## Load and Combine Raw Data

In [8]:
print("--- Step 1: Loading Raw Data ---")
cols = [
    'age', 'sex', 'on thyroxine', 'query on thyroxine', 'on antithyroid medication', 'sick',
    'pregnant', 'thyroid surgery', 'I131 treatment', 'query hypothyroid', 'query hyperthyroid',
    'lithium', 'goitre', 'tumor', 'hypopituitary', 'psych', 'TSH measured', 'TSH',
    'T3 measured', 'T3', 'TT4 measured', 'TT4', 'T4U measured', 'T4U', 'FTI measured', 'FTI',
    'TBG measured', 'TBG', 'referral source', 'diagnosis'
]
try:
    df_hypo = pd.read_csv('allhypo.data', header=None, names=cols, na_values='?')
    df_hyper = pd.read_csv('allhyper.data', header=None, names=cols, na_values='?')
    print("✅ Raw data loaded.")
except FileNotFoundError:
    print("❌ Error: Raw data files ('allhypo.data', 'allhyper.data') not found.")
    exit()
    

--- Step 1: Loading and Combining Raw Data ---
✅ Raw data loaded and combined.


## Initial Cleaning

In [14]:
print("\n--- Step 2: Combining Files Safely ---")
# Clean the diagnosis column in both dataframes
df_hypo['diagnosis'] = df_hypo['diagnosis'].apply(lambda x: str(x).split('.')[0].strip())
df_hyper['diagnosis'] = df_hyper['diagnosis'].apply(lambda x: str(x).split('.')[0].strip())

df_hyper_positive = df_hyper[df_hyper['diagnosis'] != 'negative']

df_combined = pd.concat([df_hypo, df_hyper_positive], ignore_index=True)
print("✅ Files safely combined.")


--- Step 2: Combining Files Safely ---
✅ Files safely combined.


## Create Target and Drop Useless Columns 


In [15]:
print("\n--- Step 3: Creating Target and Dropping Columns ---")
class_mapping = {
    'negative': 'Negative', 'compensated hypothyroid': 'Compensated Hypothyroid',
    'primary hypothyroid': 'Primary Hypothyroid', 'secondary hypothyroid': 'Primary Hypothyroid',
    'hyperthyroid': 'Hyperthyroid', 'T3 toxic': 'Hyperthyroid',
    'toxic goitre': 'Hyperthyroid', 'secondary toxic': 'Hyperthyroid', 'goitre': 'Hyperthyroid'
}
df_combined['target'] = df_combined['diagnosis'].map(class_mapping)
df_combined = df_combined.dropna(subset=['target'])
measured_cols = ['TSH measured', 'T3 measured', 'TT4 measured', 'T4U measured', 'FTI measured', 'TBG measured']
df_full_processed = df_combined.drop(columns=['diagnosis', 'TBG', 'referral source'] + measured_cols)
print("✅ Target column created and unnecessary columns dropped.")
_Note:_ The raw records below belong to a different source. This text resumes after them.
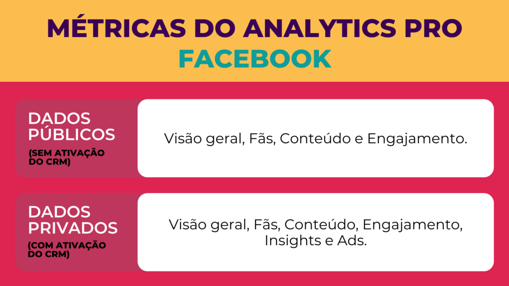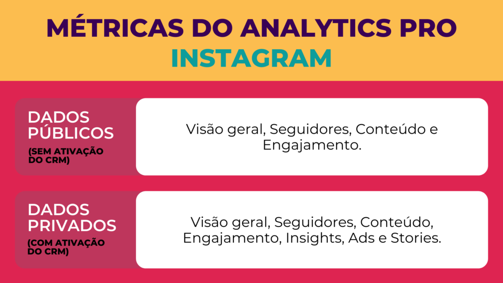 Dados Privados = As mesmas dos dados públicos + alcance, impressão, stories, dados patrocinados, investimento em mídia e muito mais
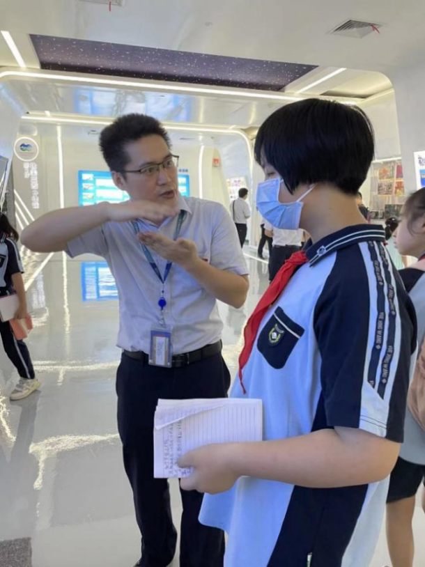 接着,全体师生和家长开启广西交通设计科普馆三大科普区的参观之旅。在交通规划勘察设计历史科普区里,大家认真细致地了解二十世纪60年代以来交通设计行业使用过的测绘、勘察、设计仪器设备,一张张珍贵的老照片将大家带回到当年交通建设的现场。每一件展品都激发着同学们的好奇心,一双双眼睛里蕴含着对知识的渴望,伴随着讲解员刘莹耐心细致的讲解,同学们飞速地在笔记本上记录着,仿佛在眼前的,不是一群五年级的少年,而是一个个未来的交通设计师,紧握着手中的笔,正描绘着未来世界中美好的交通蓝图……而陪同到现场的家长们,在讲解员生动的讲解过程中,也对交通科普知识产生了浓厚的兴趣,认真地和同学们一道听着讲解,不时就相关问题与讲解志愿者进行探讨与交流。
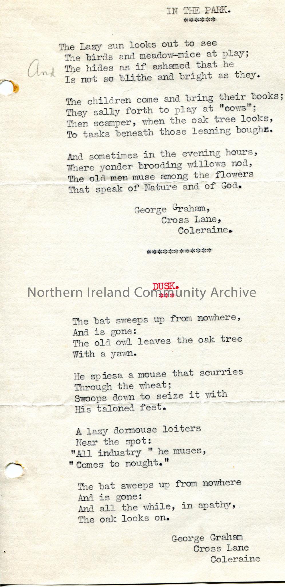 Two typed poems or words to songs on one page. Both are from George Graham, Cross Lane, Coleraine. One is titled, 'In the Park' and is 3 verses. The other is titled 'Dusk' and is 4 verses.
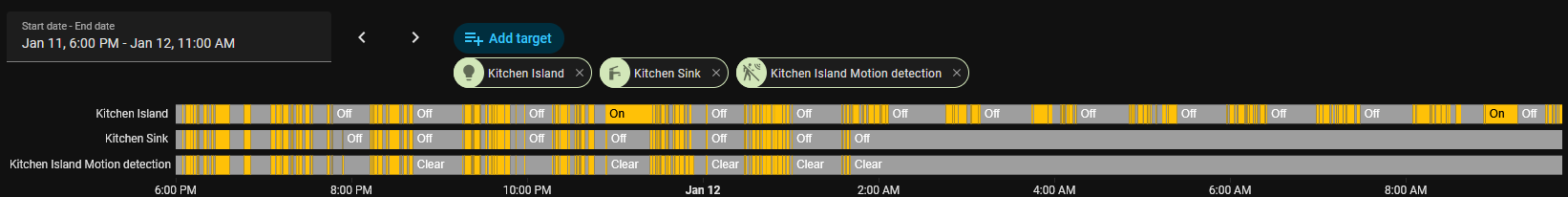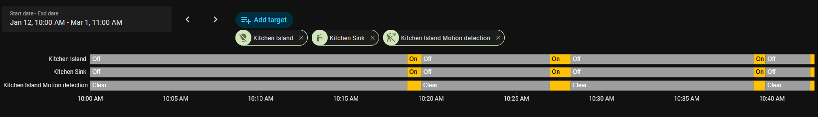 Here is the history. The Kitchen Island (mmwave sensor) is associated and controls the Kitchen sink (inovelli dimmer). After constantly turning on/off, the association bugs out and stops turning on/off the kitchen sink seemingly following the motion detection. However the island light keeps turning on and off probably due to the mmwave sensor still working.
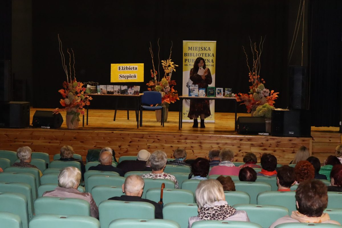 Podczas tego spotkania, Pani Elżbieta Stępień zapoznała zgromadzonych na sali seniorów ze swoją twórczością, na którą składa się nie tylko poezja, ale również powieści dla dzieci, młodzieży i dorosłych oraz w bardzo ciekawy sposób opowiedziała o swoich początkach z pisaniem wierszy i książek.
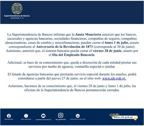 La SIT afirmó que el listado de agencias bancarias que prestarán servicio especial durante los asuetos se podrá consultar a partir del jueves 27 de junio en www.sit.gob.gt.
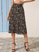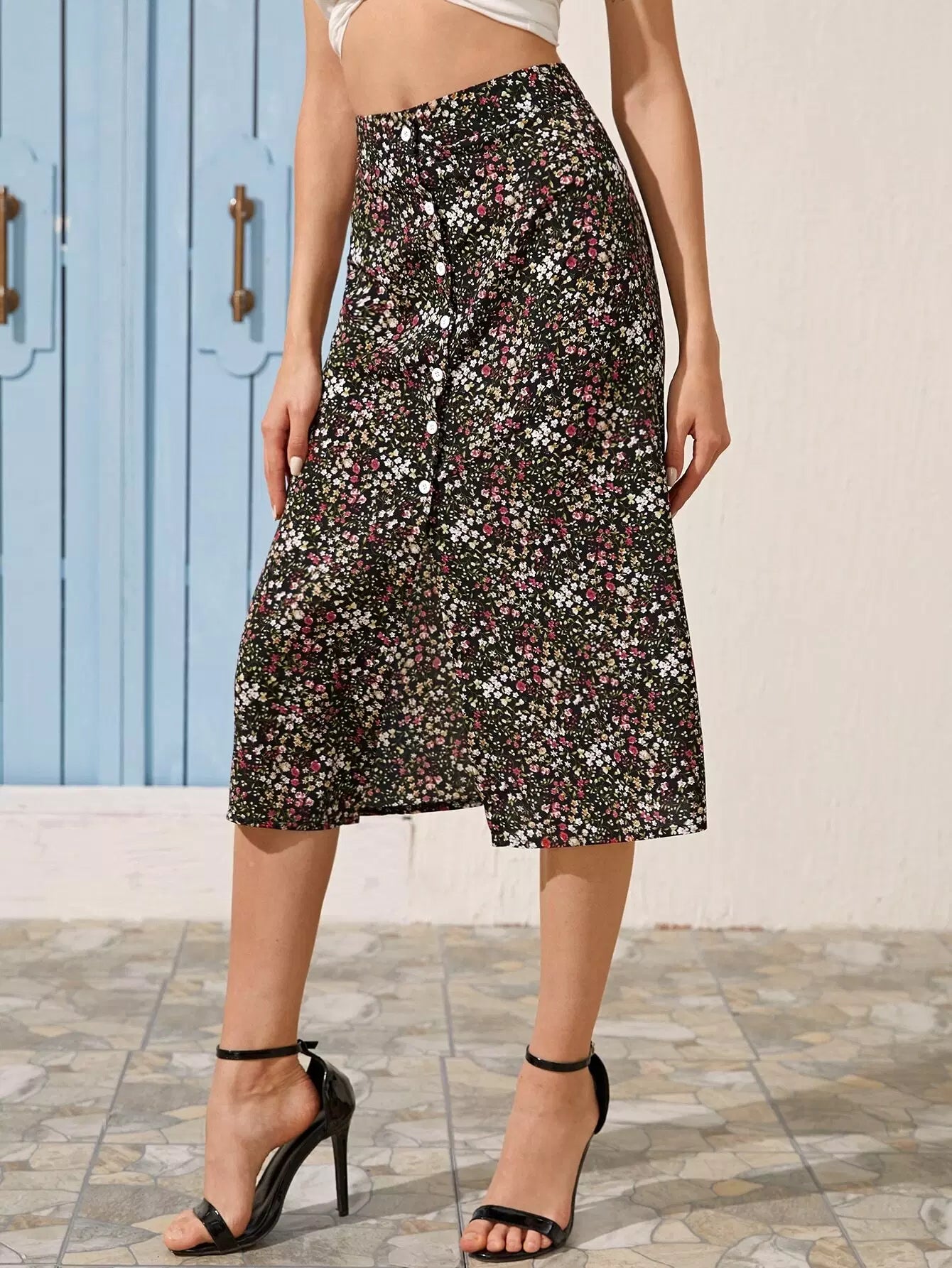 تنورة مستقيمة مزينة بأزرار أمامية بأزرار زهرية مستقيمة
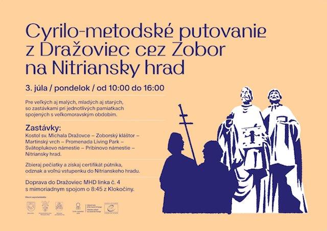 Nitra 13. júna (TK KBS) V rámci programu cyrilo-metodských slávností Nitra, milá Nitra 2023 Biskupstvo Nitra pozýva veľkých aj malých, mladých aj starých v pondelok 3. júla 2023 na nenáročné turisticko-pútnické podujatie so zastávkami pri pamiatkach spojených s veľkomoravským obdobím, spojené so zbieraním pečiatok do pútnických pasov, na základe ktorých na záver putovania na Nitrianskom hrade dostane každý pútnik certifikát o absolvovaní cesty, odznak a voľnú vstupenku do areálu Nitrianskeho hradu.
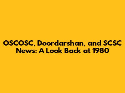 OSCOSC, Doordarshan, And SCSC News: A Look Back At 1980
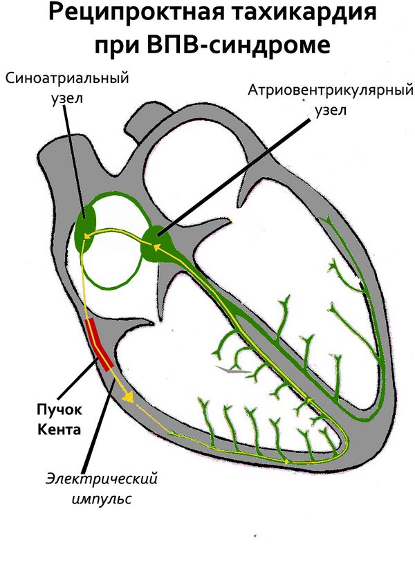 При синдромах Вольфа-Паркинсона-Уайта и Клерка-Леви-Кристеско при замедлении узловой атриовентрикулярной проводимости импульс быстрее достигает желудочков по патологическим быстрым путям предсердно-желудочкового проведения: Кента и Джеймса соответственно. При синдроме Вольфа-Паркинсона-Уайта импульс напрямую по Пучку Кента устремляется в миокард желудочков, затем ретроградно попадает в волокна Пуркинье, далее — в пучок Гиса и атриовентрикулярный узел. Затем — в миокард предсердий и опять через пучок Кента — в желудочки (Рис 4.).[5] При синдроме Клерка-Леви-Кристеско электрический стимул по быстрому пучку Джеймса, минуя атриовентрикулярный узел, напрямую попадает в ствол пучка Гиса. А оттуда антидромно в атриовентрикулярный узел, миокард предсердий и вновь в пучок Джеймса и желудочки. Это так называемое macro re-entry. Пароксизмальная тахикардия, возникшая подобным образом, называется реципрокной.
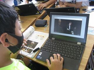 6年生の音楽の時間です。大きな声で合唱したり合奏することが難しい中、今日は世界の音楽について調べていました。ICTを活用することによって、世界中のいろんな音楽の動画に触れることができますね。
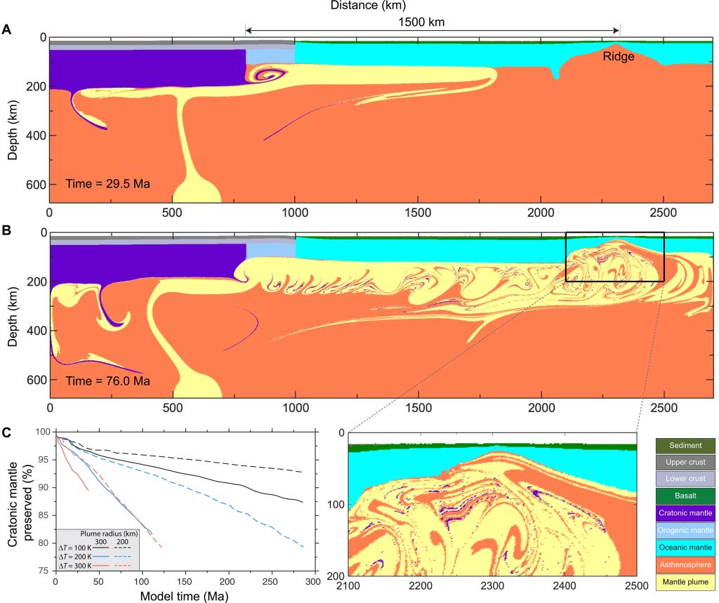 4 太古宙克拉通地幔再循环的数值模拟。(A, B)地幔柱活动启动后29.5 Ma76 Ma的模拟结果;(C)地幔柱热/化学对克拉通地幔的侵蚀效率
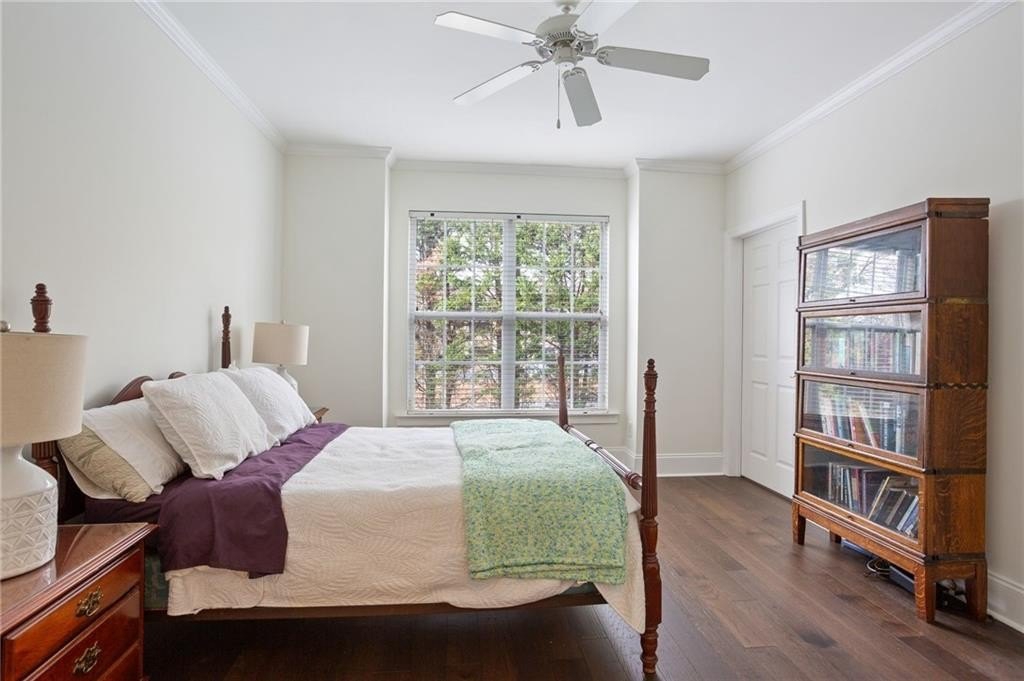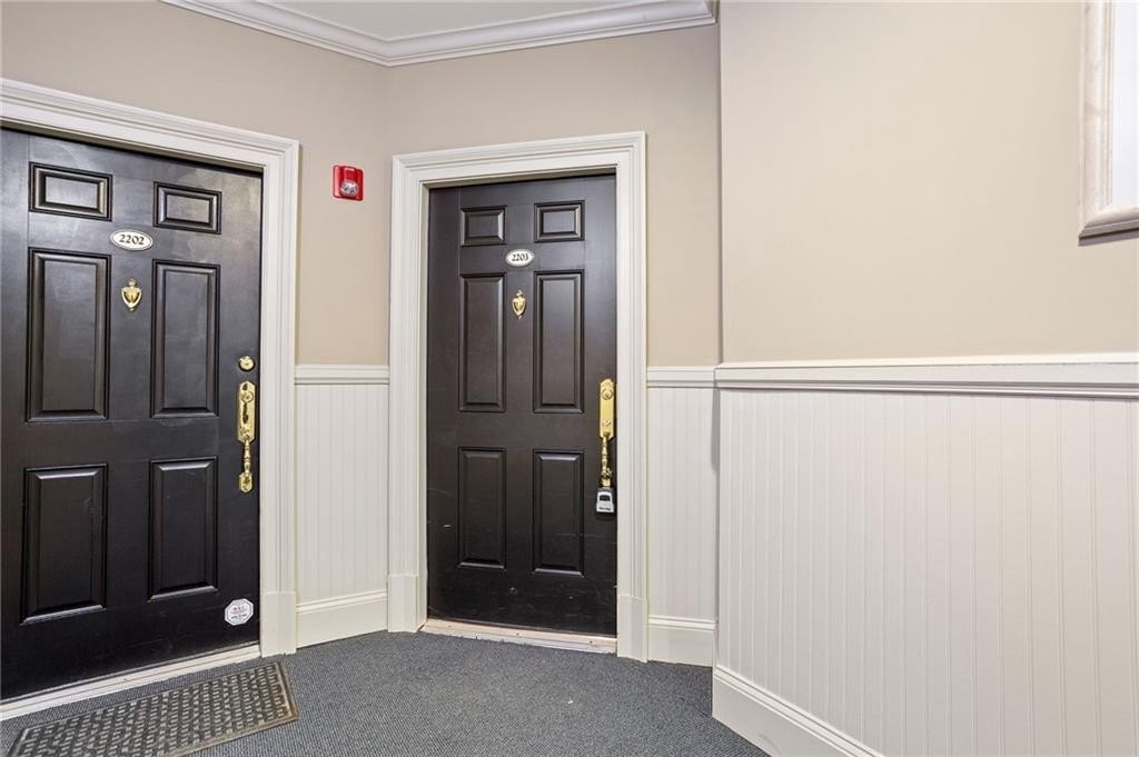 Welcome to 4100 Paces Walk SE #2203, where charm meets convenience in the heart of Vinings. Nestled within the sought-after gated community of Vinings Vineyard, this light-filled 2-bedroom, 2-bath condo invites you to slow down and savor every moment. Step inside to a spacious layout designed with both elegance and ease in mind. The open-concept living and dining areas are anchored by a cozy fireplace and framed by crown molding, dark hardwood floors, and French doors that open to a private balcony, perfect for sipping your morning coffee or unwinding at sunset. A thoughtful built-in shelving nook and chandelier add just the right touch of sophistication. The kitchen is a classic with rich wood cabinetry, granite countertops, and a breakfast bar that flows effortlessly into the main living space, ideal for entertaining or casual weekday meals. Retreat to the generously sized primary suite, complete with a walk-in closet and en-suite bath featuring dual vanities, soaking tub, and separate glass-enclosed shower. Community amenities include a sparkling swimming pool, fitness center, walking paths, and a beautifully landscaped courtyard with fountains that create a serene escape just minutes from the city buzz. Plus, you're just moments from the shops and restaurants of Vinings Jubilee, with easy access to I-285, The Battery, and Buckhead. Whether you're looking for a peaceful place to land or a stylish spot to host friends and family, this is the one that feels like home from the moment you walk in.
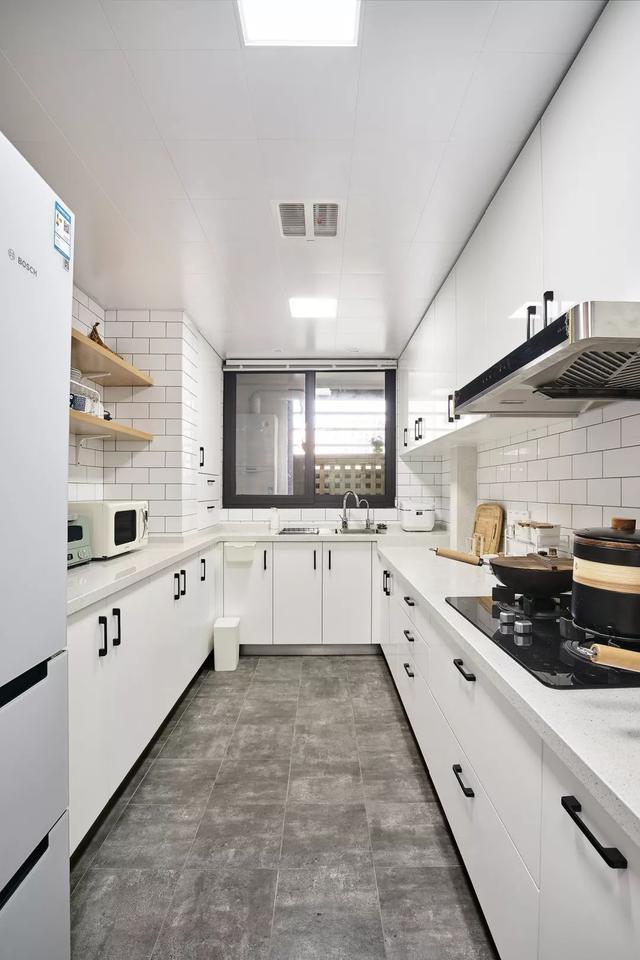 厨房内部的空间还是比较宽敞的,设计师选择了U字形的橱柜布局方案,让厨房动线变得更短,储物空间又更多,再加上白色与灰色的结合,简约而又轻松。
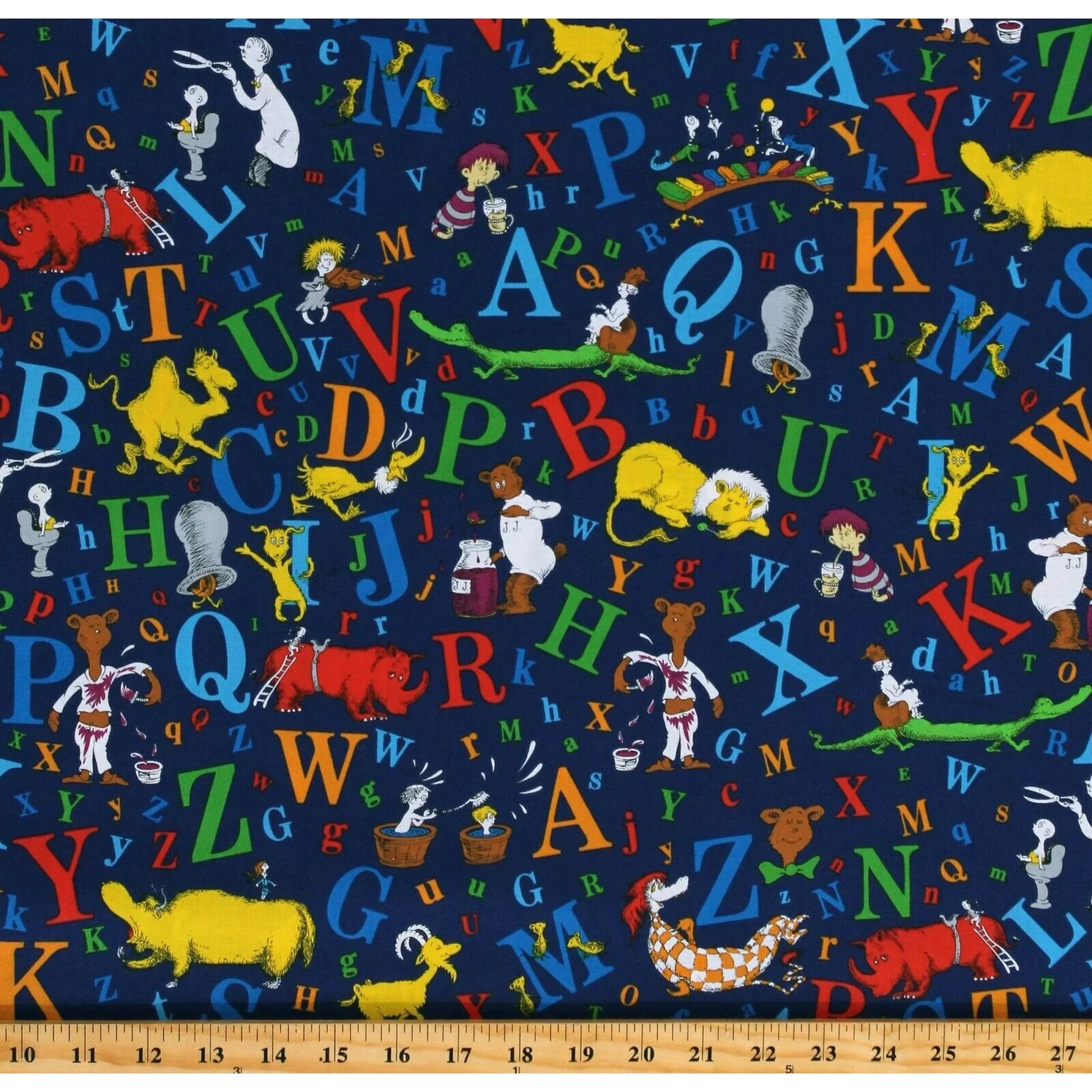 - Tags: 74350-9, ABC, ADE-74350-9, Alphabet, Animals, Blue, Books, Characters, Cotton, Dr. Seuss, Dr. Seuss ABC, Education, Fabric, Kids, Letters, Licensed, Navy Blue, Quilting, RK-ADE-74350-9, Robert Kaufman, Whimsical,

--- Step 3: Creating Target and Dropping Columns ---
✅ Target column created and unnecessary columns dropped.


 ## Encode All Categorical & Binary Columns

In [16]:
print("\n--- Step 4: Encoding Categorical Features ---")
binary_cols = ['on thyroxine', 'query on thyroxine', 'on antithyroid medication', 'sick', 'pregnant', 'thyroid surgery', 'I131 treatment', 'query hypothyroid', 'query hyperthyroid', 'lithium', 'goitre', 'tumor', 'hypopituitary', 'psych']
for col in binary_cols:
    df_full_processed[col] = df_full_processed[col].map({'f': 0, 't': 1}).fillna(0).astype(int)
sex_mode = df_full_processed['sex'].mode()[0]
df_full_processed['sex'] = df_full_processed['sex'].fillna(sex_mode).map({'F': 0, 'M': 1}).fillna(0).astype(int)
print("✅ Categorical features encoded.")


--- Step 4: Encoding Categorical Features ---
✅ Categorical features encoded.


## Impute Missing Numerical Values

In [17]:
print("\n--- Step 5: Imputing Numerical Features ---")
numerical_cols = df_full_processed.select_dtypes(include=np.number).columns.tolist()
# Ensure 'target' isn't in this list if it's already encoded
numerical_cols = [col for col in numerical_cols if 'target' not in col]
for col in numerical_cols:
    median_val = df_full_processed[col].median()
    df_full_processed[col] = df_full_processed[col].fillna(median_val)
print("✅ Numerical features imputed.")


--- Step 5: Imputing Numerical Features ---
✅ Numerical features imputed.


## Encode Target 

In [18]:
print("\n--- Step 6: Finalizing and Saving Files ---")
label_encoder = LabelEncoder()
df_full_processed['target_encoded'] = label_encoder.fit_transform(df_full_processed['target'])
print(f"Encoder has been fitted. Learned classes: {list(label_encoder.classes_)}")


--- Step 6: Finalizing and Saving Files ---
Encoder has been fitted. Learned classes: ['Compensated Hypothyroid', 'Hyperthyroid', 'Negative', 'Primary Hypothyroid']


## Save Final Files

In [19]:
encoder_filename = 'target_label_encoder.pkl'
with open(encoder_filename, 'wb') as f:
    pickle.dump(label_encoder, f)
print(f"✅ Correctly FITTED encoder object saved to '{encoder_filename}'.")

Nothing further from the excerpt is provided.